#### RECORDED INFORMATION ####

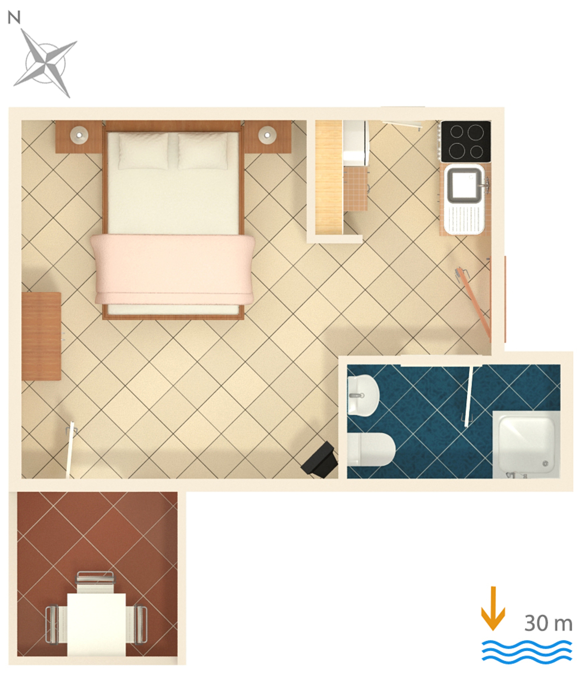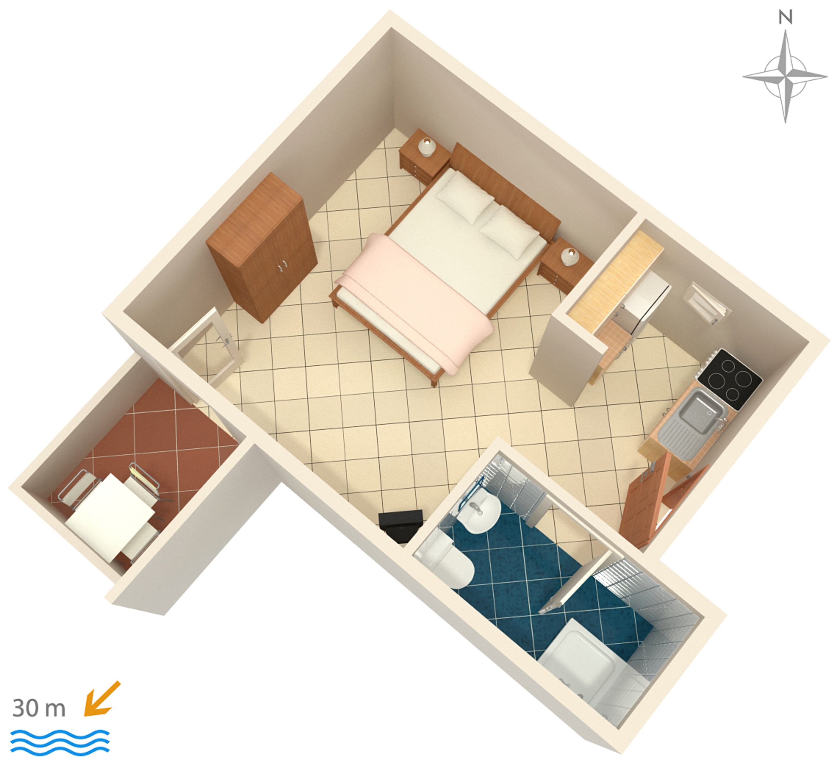Studio flat can accommodate 2 guests. Beds are situated in 1 sleeping rooms, within 19m2. Guests can use a private terrace to enjoy the warm summer evenings. The studio offers the sea view. Food can be prepared using barbecue which is shared with other guests too. INCLUDED IN THE PRICE: tourist tax, final cleaning, parking, internet. OPTIONAL ADDITIONAL COSTS: air-conditioning (€10.00 per night), boat mooring (€5.00 per night). The availability of additional services for your chosen dates of stay, as well as their prices (if none are listed) must be checked ahead of time. Any additional services not shown in the price calculation are payable directly to the property owner and only if used by the visitor. Discounts to the base price: free day 14=13 (for reservations of 14 or more days you get one free day for the stay until 31122026).
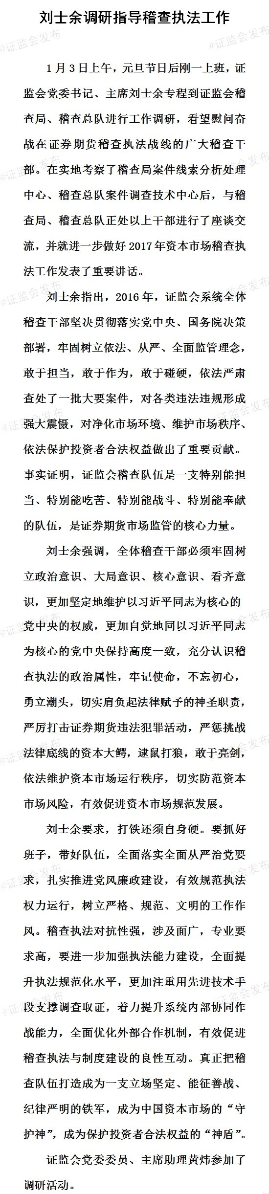 刘士余指出,2016年,证监会系统全体稽查干部依法严肃查处了一批大要案件,对各类违法违规形成强大震慑,对净化市场环境、维护市场秩序、依法保护投资者合法权益做出了重要贡献。
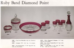 The Diamond Point Ruby Band is probably the most popular of all the Diamond Point Colors. Indiana Glass produced the bulk of the Diamond Point Ruby Band in the 1970's and early 1980's. Below is all the original Indiana Glass catalog material I could find for the Diamond Point Ruby Band. I am fairly confident that it covers all the items made in this color.
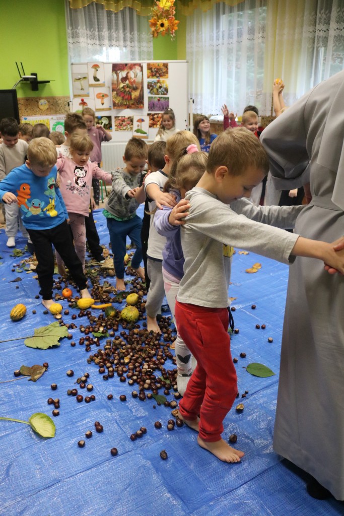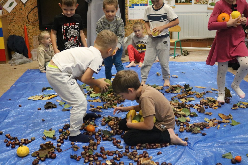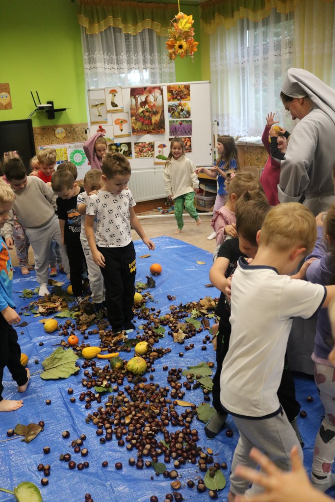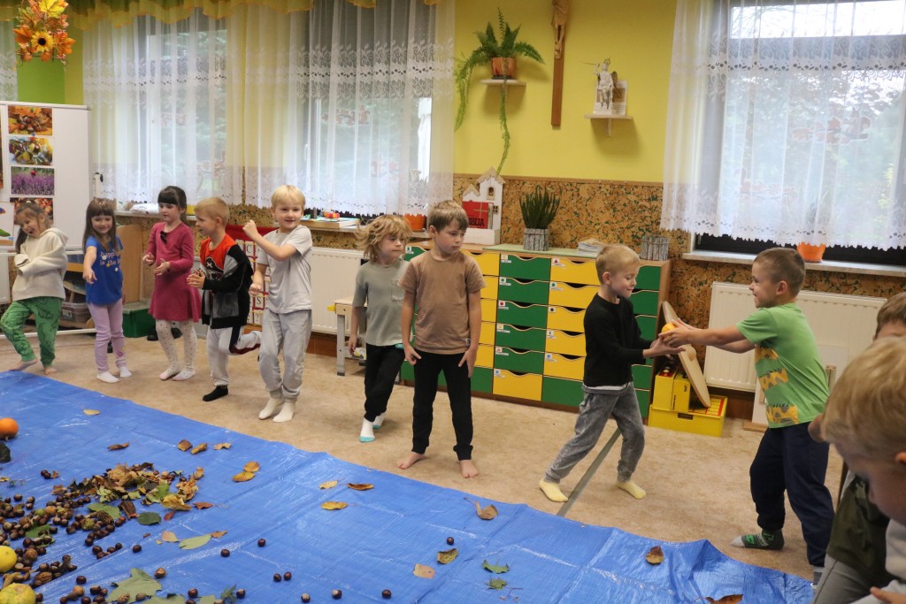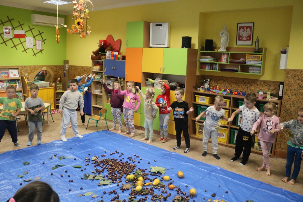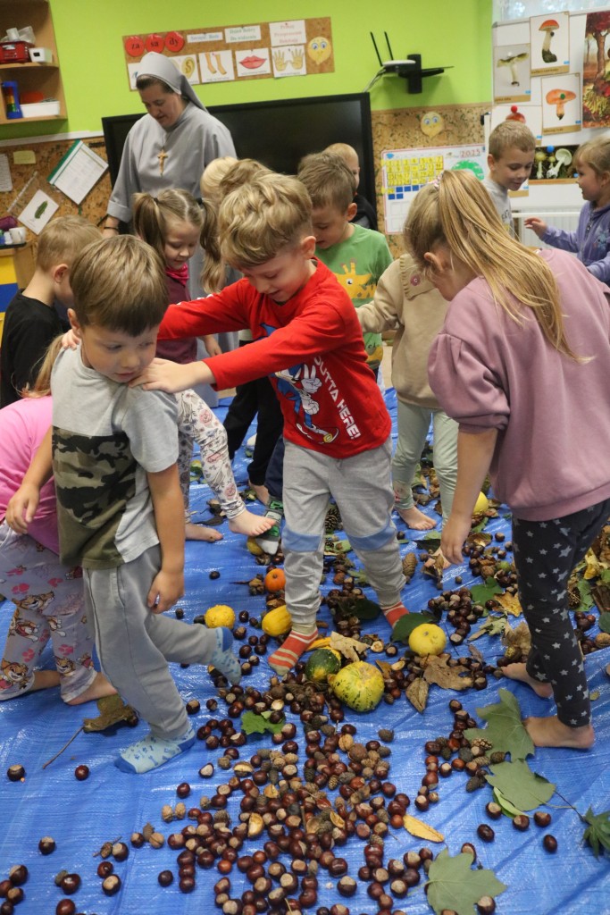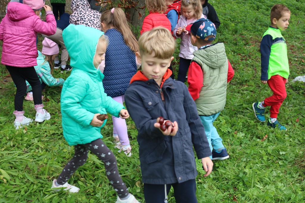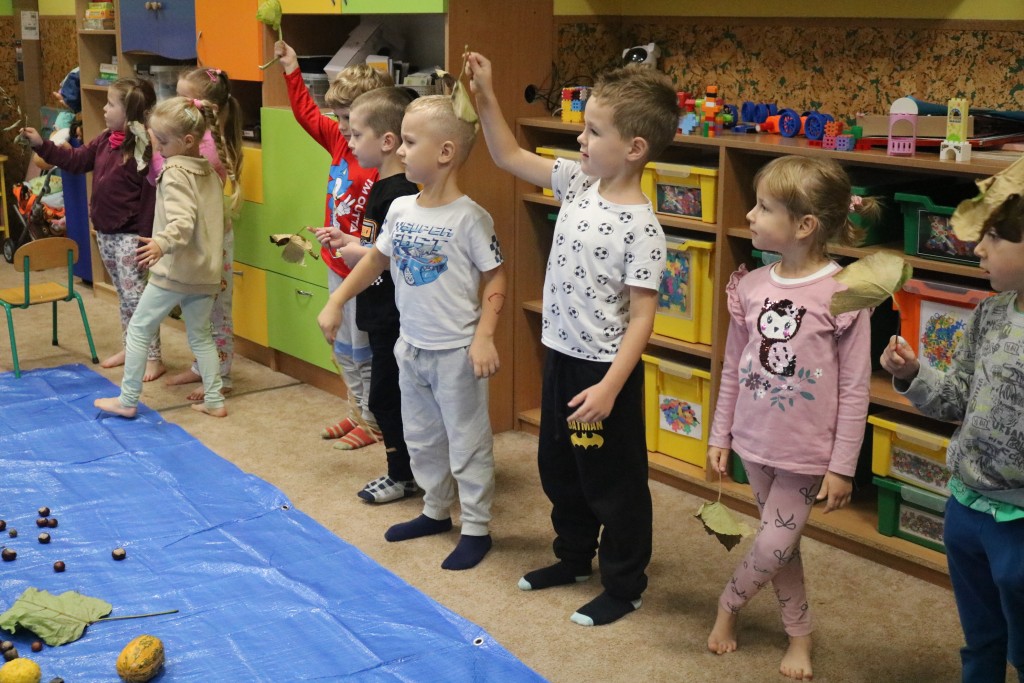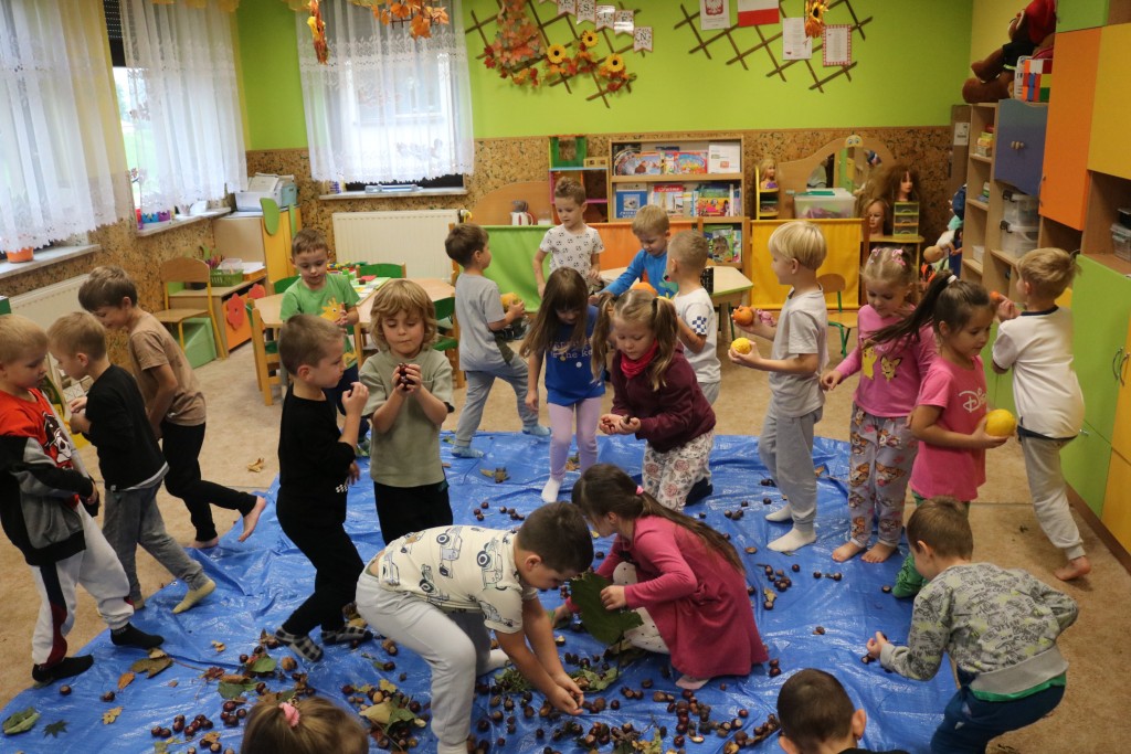 Nasze Przedszkolaki postanowiły udać się na spacer w celu poszukiwania oznak jesieni oraz zebrania jej darów w postaci liści i kasztanów.

####

▶ [YOUR ASSIGNMENT]
Copy exactly the lines running from the beginning of the listing through the line that has "刘士余指出,2016年,证监". Drop the pictures.

▶ [FINISHED TASK]
Studio flat can accommodate 2 guests. Beds are situated in 1 sleeping rooms, within 19m2. Guests can use a private terrace to enjoy the warm summer evenings. The studio offers the sea view. Food can be prepared using barbecue which is shared with other guests too. INCLUDED IN THE PRICE: tourist tax, final cleaning, parking, internet. OPTIONAL ADDITIONAL COSTS: air-conditioning (€10.00 per night), boat mooring (€5.00 per night). The availability of additional services for your chosen dates of stay, as well as their prices (if none are listed) must be checked ahead of time. Any additional services not shown in the price calculation are payable directly to the property owner and only if used by the visitor. Discounts to the base price: free day 14=13 (for reservations of 14 or more days you get one free day for the stay until 31122026).
 刘士余指出,2016年,证监会系统全体稽查干部依法严肃查处了一批大要案件,对各类违法违规形成强大震慑,对净化市场环境、维护市场秩序、依法保护投资者合法权益做出了重要贡献。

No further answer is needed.